The high cost of office furniture deliveries in Central London

By Crispin Maby

We’re all used to paying department stores very little, or more often than not nothing at all, to deliver a piece of furniture to our homes. But an office furniture supplier will often charge upwards of £100 to deliver a single item of office furniture to a Central London office. So why?

If offering free deliveries, the department store will almost certainly have factored in some (or all) of the cost of delivery into their sale price, particularly on the bulkier items that are almost always delivered rather than collected by the customer. So you’re still paying for it, its just that its not obviously itemised as a separate cost.  They will have a lorry with driver and helper who will do scheduled drops on set days within the local area of the store or local distribution centre and the home owner will be informed that their item will turn up at a non-specified time on a given day.  This makes it cost effective because they will be making multiple drop-offs within a defined local area, and in a sequence or route that maximises the efficiency of their time. They might send out smaller items via a national parcel delivery service such as DHL, DPD, Tuffnells etc, but these carriers operate on exactly the same basis with no fixed delivery time to work to so that they can work to their own agenda and do as many deliveries as possible within a day.  But these item(s) must be sufficiently small and light that they can be handled by one person (so no need for a second person on the van to help carry things). Also, the item is delivered only as far as your door, not inside and up the stairs, and generally speaking, within a residential area the driver can usually park-up relatively close to your residence.

Delivering office furniture to Central London is different. More often than not, the customer wants the items delivered to their floor, not just to the front entrance of the building. The reason for this is twofold; firstly their staff are busy and should not have to take time out humping large items up and down the stairs or in and out of lifts, and secondly, a health and safety consideration whereby they don’t want their office workers lifting heavy objects for the risk of injury. Moreover, most companies require and expect the furniture items, be they desks, chairs or cupboards, to be assembled by the delivery men and all the cardboard and plastic packaging taken away and disposed of. The net result is that the office furniture supplier most often has to send along a van with 2 strong men and a set of screwdrivers, spanners and anything else they require to do the job. If they’re lucky, they find a parking spot on a yellow line directly outside your office and they manage to get everything offloaded, into the office and assembled within the 20 minutes or so the traffic warden will allow them before issuing a parking ticket, but often they will not be permitted to even stop outside the building and will have to park many yards away, and even then, go and find a pay-by-phone parking bay to legally park in whilst they are doing the furniture assembly.   This, coupled with the fact that there are 2 men plus parking, fuel, congestion charge and so on, drives up the cost.

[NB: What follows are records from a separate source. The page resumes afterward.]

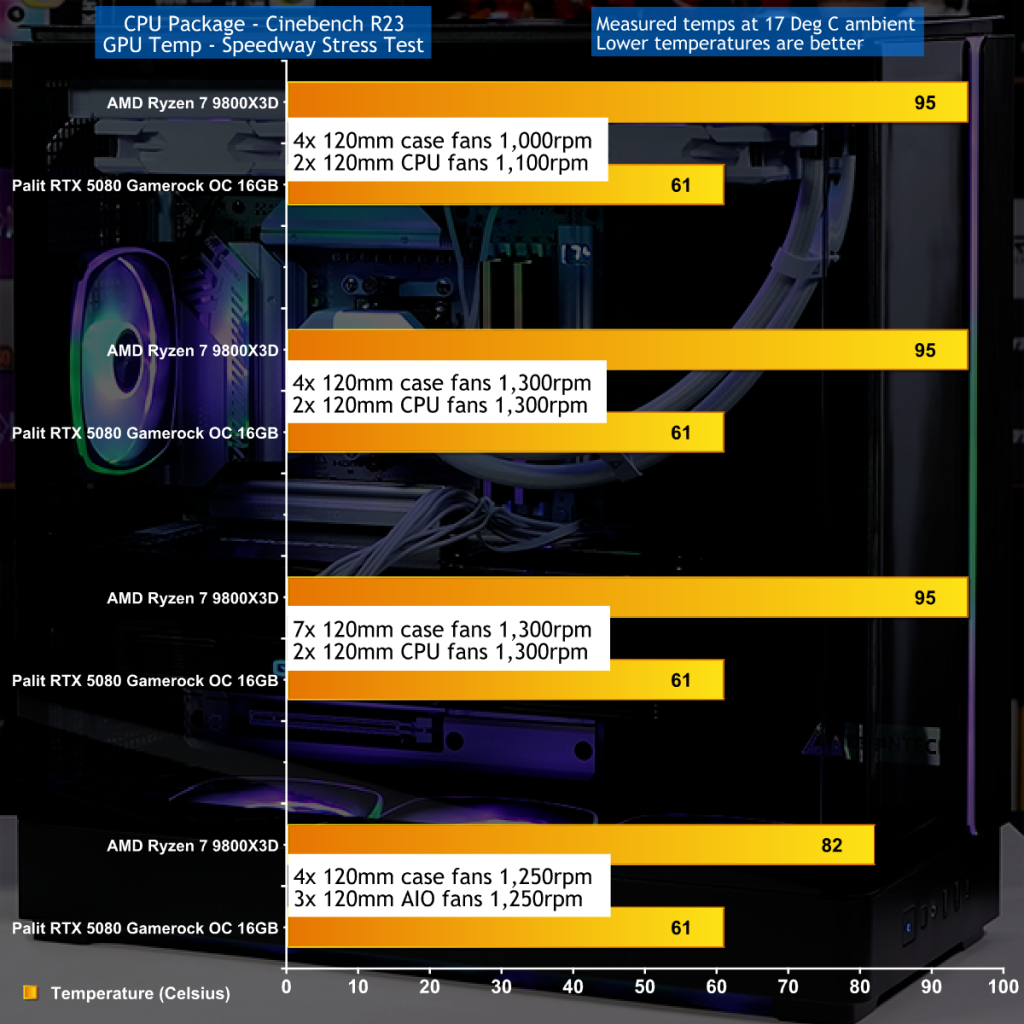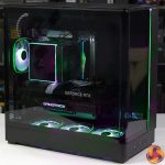 As you will see in our video we suffered during testing with an air cooler on our CPU, but switching to a 360mm AIO fixed things and gave decent cooling results. It is clear that cramming a 300W graphics card inside this compact tower case has a huge impact on the flow of cooling air to the CPU and we recommend you bear this point in mind when you build your PC.
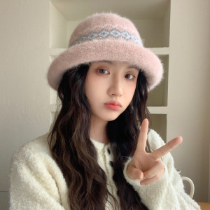 日系休闲提花保暖盆帽甜美百搭卷檐帽子女秋冬季时尚显脸小毛线帽
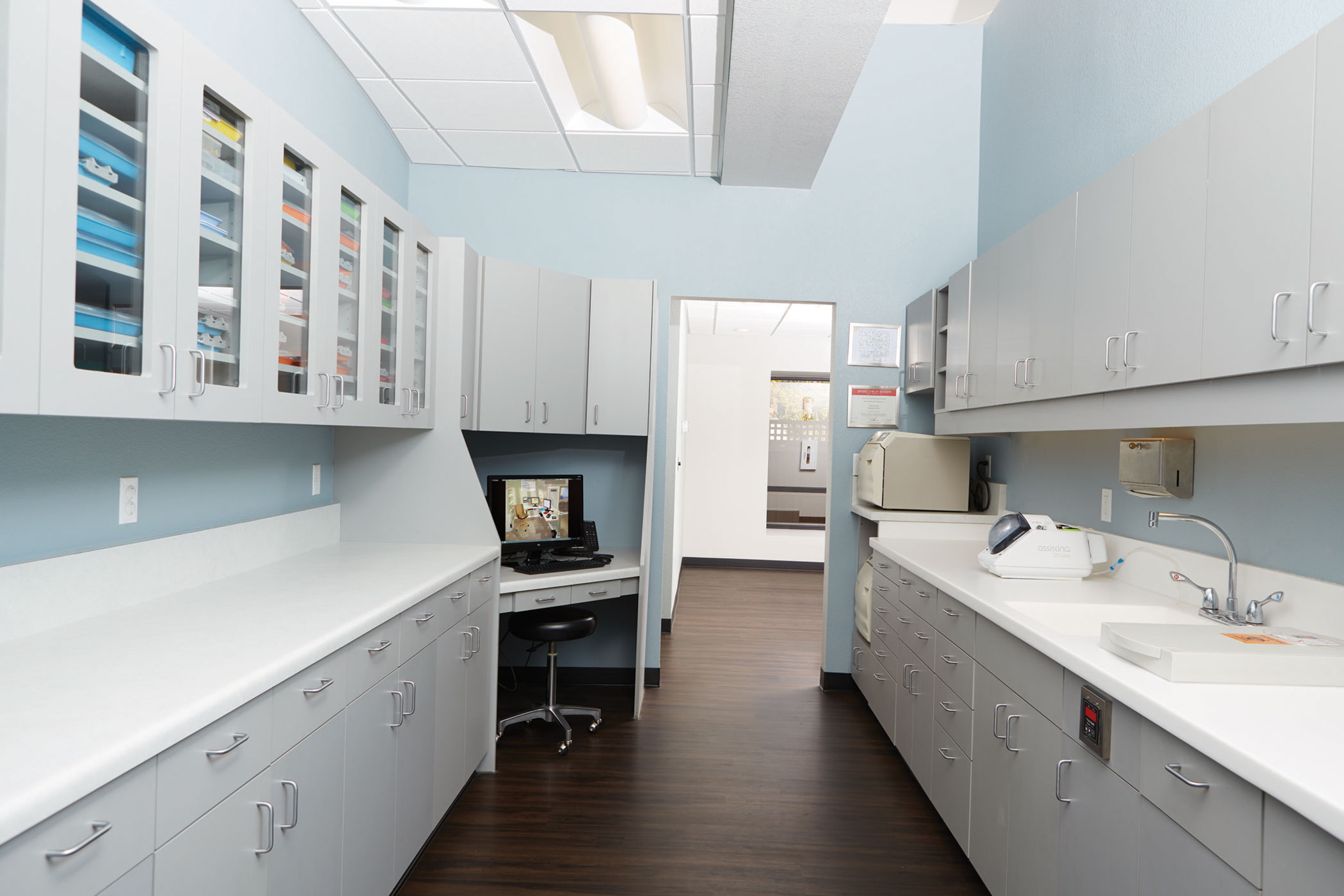 With three doctors working simultaneously to service a growing patient load, support areas like the lab and sterilization room had to be generously sized to facilitate a smooth workflow. The sterilization room is walk-through, with dirty items on one counter and clean on the opposite. Because each doctor uses different materials and tray set-ups, they invested in two sterilizers and one ultrasonic unit to move items through the process quickly.

But that’s not all. There’s the issue of timing, and it is often the case that it is simply not acceptable for the customer to have the furniture turn up at a non-specific time during the day. It might be that the room into which it is being installed is being used for client meetings, or that the building manager does not allow large items to be carried through the building in at certain times of the day, or simply that the area needs to be prepared before the furniture is installed. So a specific time has to be booked, which means that the supplier now has to send a van and 2 men into London solely for one timed delivery and installation, and quite often the date and the timing means that this is the only reason for the journey because they are unable to spread the costs between other deliveries that they might otherwise have also been making. As such, the costs rocket and it is not uncommon to pay around £300 or more just to have a couple of desks delivered and installed (quite possibly doubling the cost of the initial purchase).  And that’s the problem.  It often costs just as much to deliver and install a single small item as it might to do the same with a small suite of office furniture.  And the reason is because this is roughly what it costs to send 2 men and a van into the centre of London because regardless of how much work they have to do, and if there isn’t anything else for them to go onto afterwards, we still have to pay them a days wages, and it still costs the same amount in fuel, congestion charge and, to a certain extent, parking.

The office furniture suppliers are not being unreasonable. Quite the contrary, I believe that most of them pass on the cost of deliveries and installations at cost price to their customers. After all, they all need to be as competitive as possible in order to secure the business in the first place. These costs can be reduced or even eliminated, but to do so the business customer needs to agree to a similar service as offered by department stores to home owners for home deliveries, but in order to do so they need to be prepared to be very flexible on delivery dates and times,  and they need to be prepared to do a bit of DIY furniture assembly!

Key points for negotiating reduced costs on office furniture deliveries:

  1. Be very flexible on delivery dates and fit in with the supplier’s scheduled runs to your area.
  2. Be very flexible on delivery time. If the supplier can fit your deliver in with others to your area, the costs can be shared between yourselves and others.
  3. Agree to taking the items from the van or lorry and carrying them into the office yourselves (this is often referred to kerbside or tailgate delivery).
  4. Agree to assemble the furniture yourselves

This is not to say that there won’t be charges if you follow all of the above, and it’s not to say that you would necessarily pay £300 or more if you didn’t, but you can be sure that the charges would normally be a lot less if you don’t mind being flexible and also taking some of the workload off the delivery driver.